Once inside the Heads, however, even Mrs. Daventry and Phœbe picked up a little spirit, and Walter was in ecstasies. Both sky and water were so brightly blue, the islands sprinkled on the water looked so pretty, and, though the trees seemed almost as black as ink to English eyes, the rocky, wooded shores, sweeping down to the little coves and bays, beached with white sand that shone like silver under the glowing sun, had a fairyland-like look. Sydney then had not the fine buildings it boasts of now, but the town was so much more civilized in appearance than Mrs. Daventry and Phœbe expected, and the little country houses, that even then had begun to dot the south side of the harbour, were such darling little nests, that both mistress and maid fell in love with Sydney. Captain Daventry came on board as the Atalanta let go her anchor in Sydney Cove. He was very brown, and he had a long curly beard. He was dressed more lightly than he would have been at home, but still he was dressed, and like a gentleman. A horrid load was lifted from Mrs. Daventry’s mind, since she had half given in to Phœbe’s belief that Master would only wear a bit of ’possum or kangaroo skin about his loins, and that he would carry a spear instead of a walking-stick. As for Walter, he was very proud of the brown manly-looking Papa whom he had not seen since he was almost a baby.

“Oh, Walter,” cried Mrs. Daventry to her husband, when the kissing was over, “I hope your farm is close by. I used to think that they sent the convicts out here because it was a hideously ugly hole, but this is a love of a place.”
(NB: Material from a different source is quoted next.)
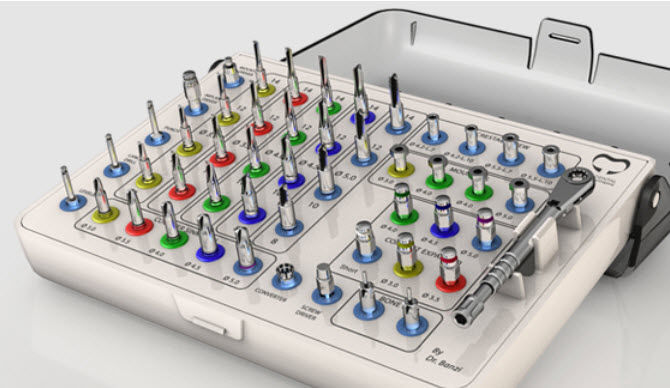 ست جراحی ایمپلنت شامل مجموعهای از ابزارهای طراحی شده برای مراحل مختلف جراحی می باشد. این ستها معمولاً توسط شرکتهای سازنده ایمپلنت طراحی و عرضه میشوند تا با نوع خاصی از ایمپلنت سازگار باشند. اجزای موجود در این ستها شامل دریلهای شماره بندی شده، آچار گشتاور، هولدر ایمپلنت، گاید دریل و متههای ابتدایی هستند. هدف از طراحی این ست، ایجاد نظم و دقت در روند جراحی است.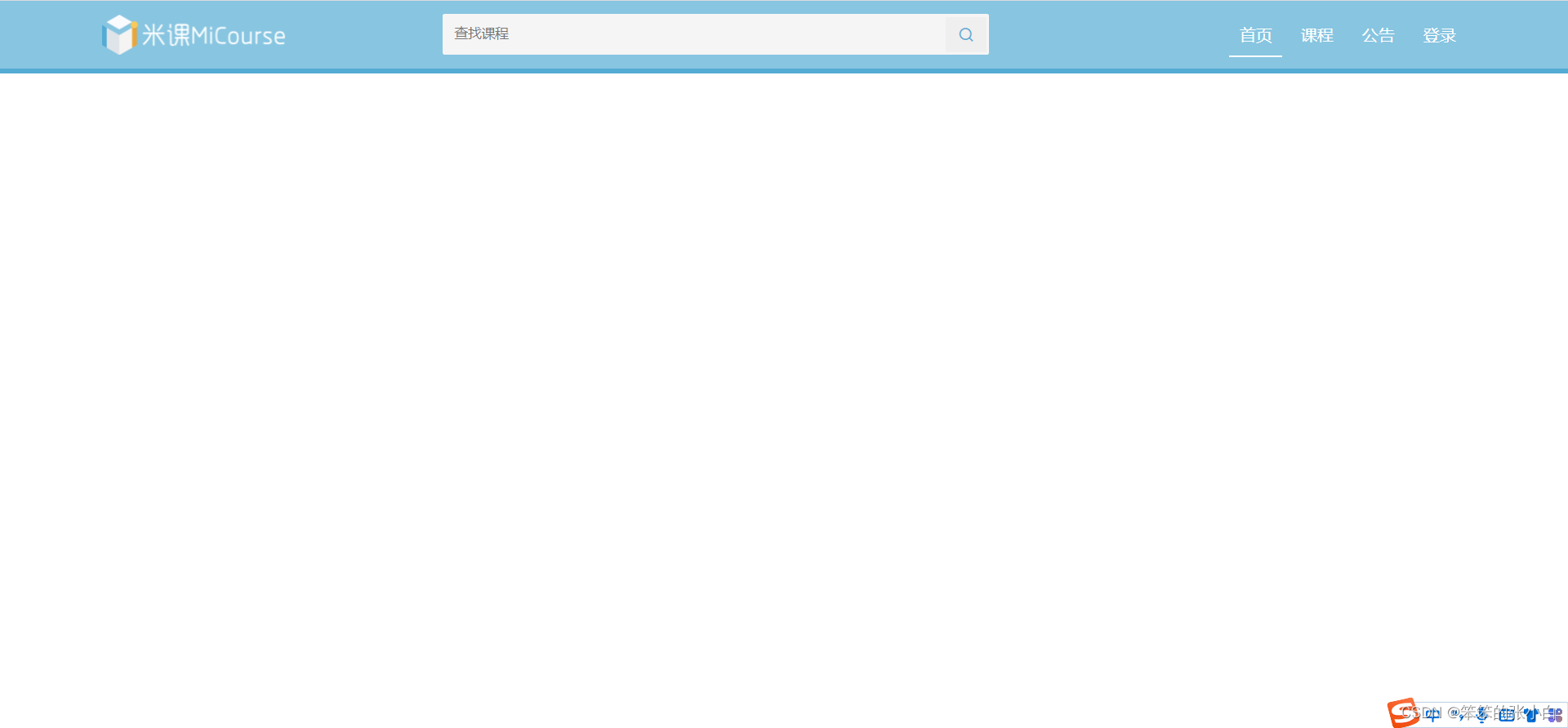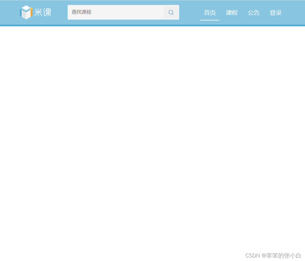 <!DOCTYPE html> <html lang="en"> <head> <meta charset="UTF-8"> <meta http-equiv="X-UA-Compatible" content="IE=edge"> <meta name="viewport" content="width=device-width, initial-scale=1.0"> <title>米课</title> <link rel="stylesheet" href="../css/reset.css"> <link rel="stylesheet" href="../css/mike.css"> <link rel="stylesheet" href="../css/iconfont/iconfont.css"> </head> <body> <!-- 导航开始 --> <div class="nav"> <div class="wrap"> <div class="logo"></div> <div class="search"> <form> <input class="text-input" type="text" placeholder="查找课程"> <button class="iconfont"></button> </form> </div> <div class="nav-bar"> <ul> <li><a href="#" class="nav-bar-active">首页</a></li> <li><a href="#" >课程</a></li> <li><a href="#" >公告</a></li> <li><a href="#" >登录</a></li> </ul> </div> </div> </div> <!-- 导航结束 --> </body> </html>

“It’s nicer to look at than to live in,” the captain answered. “What with convicts and emancipists, you’d soon be sick of living in Sydney. No, my grant is some miles up-country. There’s a nasty swarm of ticket-of-leavers round it, but, of course, you’ll have nothing to do with them. And then there are some good fellows of our sort within reach—some of them married, too. What a time you’ve been! I was down two months ago looking out for you. It’s quite by chance I’m down now. However, there’ll be room on the dray for your luggage, if you haven’t brought out a ship-load, and we’ll start home to-morrow, if one night will be rest enough for you. I’ve been buying some horses, and you and Walter can ride two of them, and help me to drive the rest. You’ll be better off than you were before you married me, old lady. You had only one horse then, but I can give you your pick out of a dozen or two now. Of course Walter has learnt to stick on a horse somehow, though you couldn’t keep a pony for him? The girl will have to learn to ride, too, if she wants to get about up-country. In the meantime she can go up on the dray. The bullock-driver is an assigned servant, but he’s as true as steel, and that’s more than I can say for some of the beggars I’ve got.”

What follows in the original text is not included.